13.6.10

Tempo

Às 10h30, Flávia se levantou. Quando acordou, pensou ser um dia como outro qualquer. Mas não seria. Após dormir putíssima no quarto de empregada porque todas as camas da casa, inclusive a sua, estavam ocupadas por pessoas embriagadas, foi acordada por essas mesmas pessoas, que não mais estavam embriagadas às 10h daquele sábado.
Ligou a televisão, o jogo da Argentina ainda não havia começado - era só às 11h. Aproveitou pra lavar o rosto e comer qualquer preenche-estômago. Pegou no quarto o cobertor laranja e se jogou no sofá. 1x1. Pensou em fazer seu próprio almoço. Tomou banho, um longo banho. Aproveitou a água quente do banho pra encher uma bacia, onde posteriormente mergulharia as mãos e passaria alicate nas cutículas enquanto assistia tv. Vida banal. Já sentia fome demais pra pensar em cozinhar qualquer coisa. Esquentou um pedaço da lasanha velha da geladeira. Nervos à flor da pele, deu um chilique. Não aguentava mais a falta de objetivo na vida.
Pegou a bicicleta na garagem e desceu oito quadras pra assistir o primeiro tempo de Inglaterra x EUA com elas. Foram comer feijoada no restaurante; Flávia foi pra assistir o segundo tempo. 1x1. Muito frio no Brasil.
Voltou pra casa, pegou a mãe no contrapé. Vem aqui, deixa eu te mostrar. Comprou passagens internacionais de ida e volta. Um mês e cinco dias fora deveriam lhe servir pra botar rumo na vida. Ou pra tirar de vez, mas essa não era a ideia. Fez reservas e escreveu emails de consulta. Se animou.
Foi pro boteco onde estavam elas. Comeu. Quase não bebeu. Conversou, se animou. Contestou. Foi contestada. Fez piada. Riu de piada. Anseou pela viagem. Planejou. Não hesitou. Recebeu uma mensagem no celular. Se chocou. Não soube o que fazer. Nunca sabia o que fazer. Na verdade, não havia nada que pudesse fazer.
Não dormiu. Quis chorar. Quis chamar, não podia. Era alheia à história. Alheia, não indiferente. Mas não deveria ser ela a pessoa a contar. Imaginou muitas coisas. Cogitou outras mil. Não quis. Se preocupou. Quis poder ajudar. Quis poder. Quis.
Quis, mas não era ninguém. Não era nada pra ninguém, nem tinha a pretensão de sê-lo: os is estavam todos pingados, e nenhum respingava nela. Mas se preocupou, como se preocuparia com qualquer outra pessoa querida.
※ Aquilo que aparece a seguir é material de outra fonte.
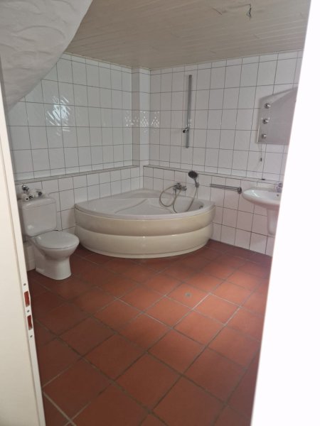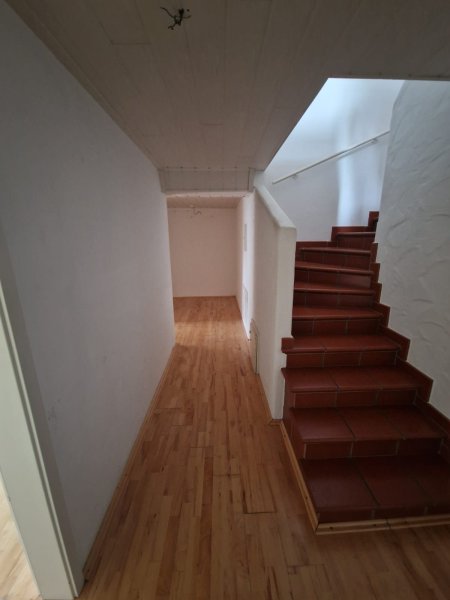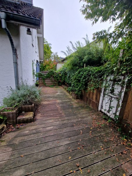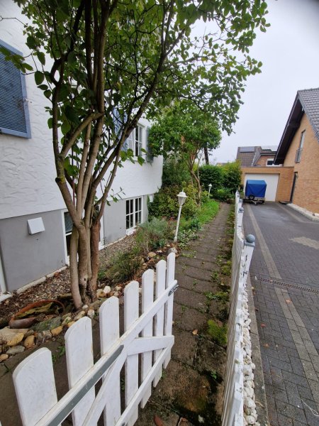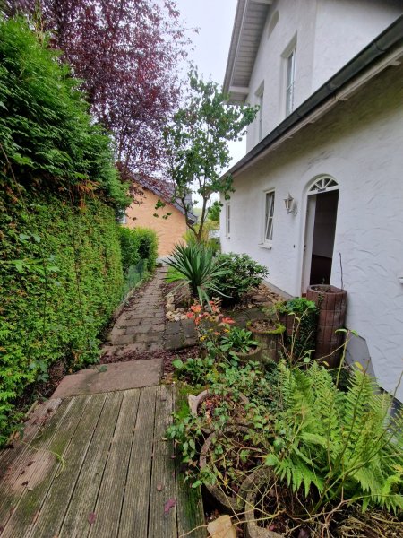 Diese helle Wohnung hat im Erdgeschoss ein großes Wohnzimmer, welches man direkt am Eingang betritt sowie eine Küche und ein Gästebad und im Halb Souterrain ein großes Bad mit Eckbadewanne und zwei Zimmer. Ausgestattet ist sie mit Parkettboden, Terrakotta-Fliesen und Fußbodenheizung. Man gelangt in die Wohnung über einen eigenen Eingang und einen kleinen Garten Und Terrasse. Neben dem Carport befindet sich ein Stellplatz für diese Wohnung.

Você não gosta de dar trabalho. Dar trabalho, eventualmente, é inevitável. Não é meu o ombro que você vai escolher pra chorar, mas eu certamente espero que você escolha algum. Só me prometa chorar. Porque as lágrimas, elas nunca são desejadas, mas quase sempre são necessárias. Você me ensinou isso no dia em que eu me senti patética por desabar na sua frente.

Flávia acordou pensando ser só mais um dia do mês. Mas não foi. Nem pra ela, nem pra ninguém.